To listen to Jesus means to receive His words as truth spoken by God, to give them authority over our own opinions and desires, and to allow them to correct and reshape how we think and live. It means paying attention not only with the ears, but with a willing heart, choosing obedience rather than selective agreement. To listen to Him is to remain in His word, to recognize His voice amid the noise of the world, and to respond with trust, repentance, and action, knowing that His words are spirit and life and that those who hear them and put them into practice are led into true freedom and life.
To hear His voice means to recognize the truth of Jesus not as an abstract idea, but as the living word that speaks to the heart and calls for a response. It means becoming familiar with His teaching so that His voice can be discerned from all others, learning to distinguish what aligns with His words from what contradicts them. To hear Him is not about hearing sounds, but about spiritual attentiveness, a heart open to correction, comfort, and guidance, and a willingness to follow where He leads, trusting that His voice leads to life, peace, and truth.
To follow Jesus, according to His own words in the Gospels, is first of all to place one’s trust in Him and to accept His authority over life. Jesus repeatedly calls people to believe Him, not as a teacher among many, but as the One sent by the Father, the way, the truth, and the life. Following Him begins with repentance, a change of heart and direction, where a person turns away from sin, self-rule, and false securities, and turns toward God with humility.

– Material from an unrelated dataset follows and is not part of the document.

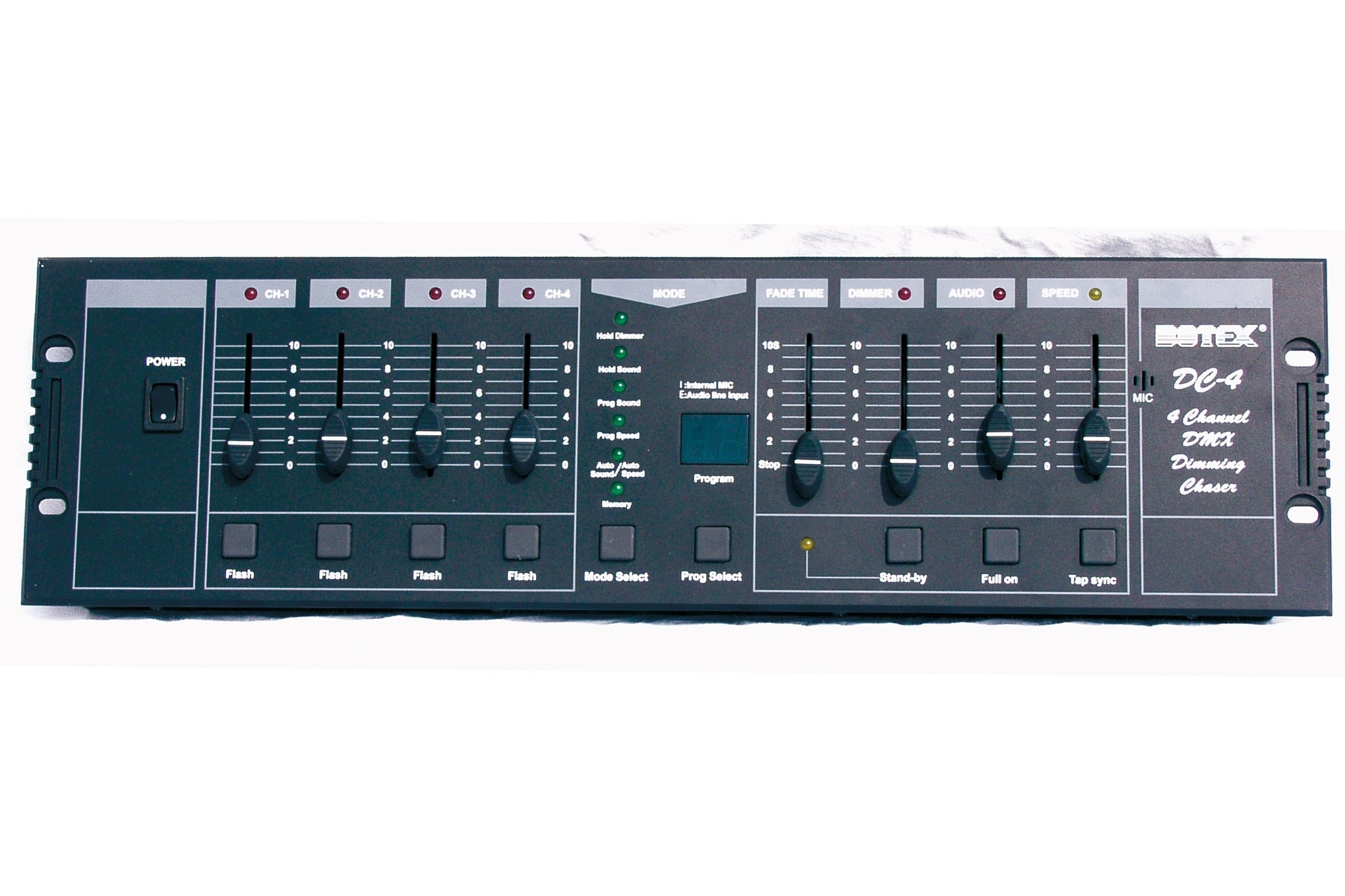 Il DC-4P è il sistema più compatto e semplice da utilizzare in situazioni fisse e mobili. Il DC-4P è un centralino con 42 scene già memorizzate con la possibilità di eseguirle in modalità automatica o sonora regolando l'intensità del microfono, la velocità delle scene e il "FADE TIME". Si può utilizzare anche in modalità manuale grazie ai fader per ogni canale e ai tasti flash. Questa versione è caratterizzata dalle presenza di prese Schuko e connettore multipin 6 poli per connettere facilmente Par cans o 4 barre con connessione multi-pin. Dati tecnici:
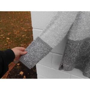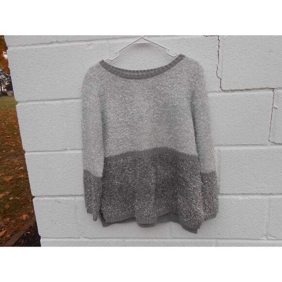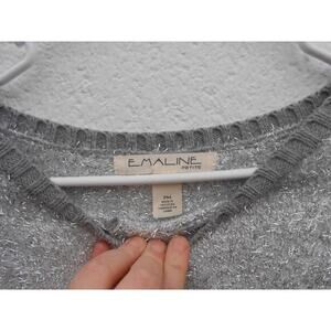 EMALINE Womens Size PM Gray Metallic Fuzzy Long Sleeve Sweater Holiday New Years

This repentance is not merely feeling regret, but a sincere decision to live differently, to let God reshape the heart from within. Jesus teaches that those who follow Him must become like children, not naive, but humble, receptive, and dependent on God, no longer trusting in their own righteousness or wisdom.
To follow Jesus also means self-denial, as He clearly says, “If anyone would come after me, let him deny himself, take up his cross daily, and follow me.” This does not mean rejecting life, family, or work, but refusing to make the self the center of everything. It is the daily choice to put God’s will above personal ambition, comfort, pride, or fear. Taking up the cross means accepting obedience even when it costs something, whether reputation, control, or ease. Jesus never hides that following Him involves sacrifice, yet He insists that this path leads to true life, while clinging to one’s own life leads to loss.

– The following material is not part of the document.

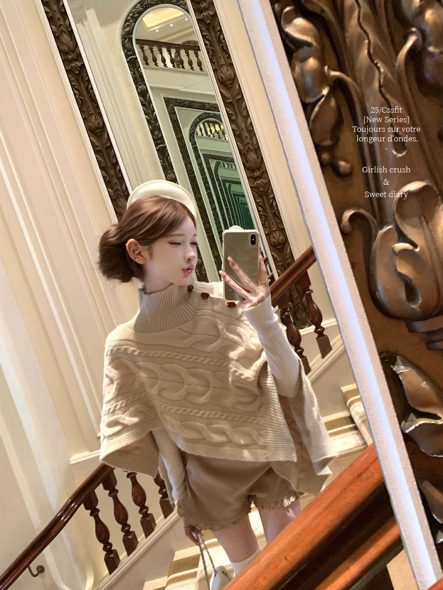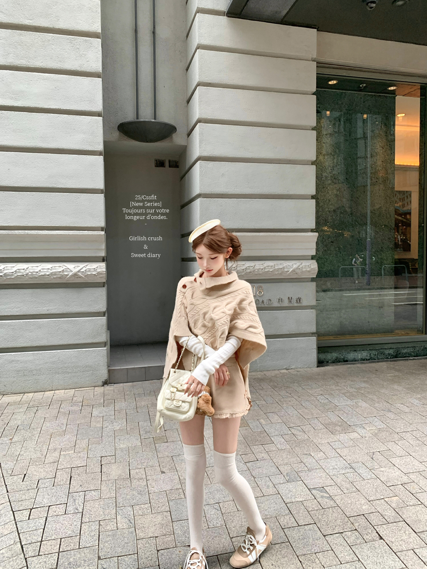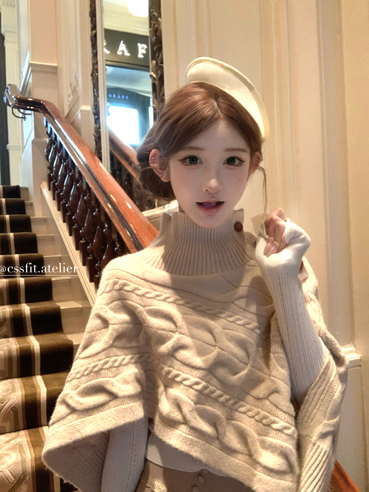 FA52836# 焦糖利口酒vivienw*土星高领麻花针织不规则斗篷 服裝批發女裝批發服飾貨源
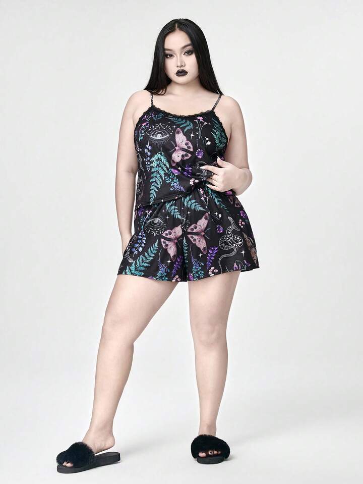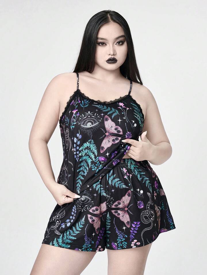 Plus Size Gothic Moth Floral Snake Plant Mushroom All-Over Print Lace Trim Satin Camisole & Shorts Pajama Set

Following Jesus means listening to His words and putting them into practice. He says that those who love Him keep His commandments, and He compares obedience to building a house on rock. His teachings shape everyday decisions: choosing forgiveness instead of resentment, truth instead of convenience, generosity instead of greed, faith instead of anxiety. He calls His followers to love God with all their heart and to love their neighbor as themselves, extending mercy even to enemies. This love is not sentimental but active, expressed through compassion, service, and a willingness to bear with others patiently.
To follow Jesus is also to remain in Him. He speaks of abiding, staying connected to Him as branches to a vine. This means living in continual dependence on Him through prayer, attention to His words, and trust in the Father’s care. It is through this relationship that a person is transformed, producing fruit such as humility, peace, faithfulness, and love.
Finally, following Jesus means hope. He promises that those who hear His voice and follow Him receive eternal life, a life that begins now and cannot be destroyed by suffering or death. To follow Him, then, is not merely to adopt a moral system, but to walk with Him, learn from Him, and allow His life to become the source and direction of one’s own.
This is how a person receives what the world cannot offer and what death cannot take away: true life with God, beginning now and lasting forever.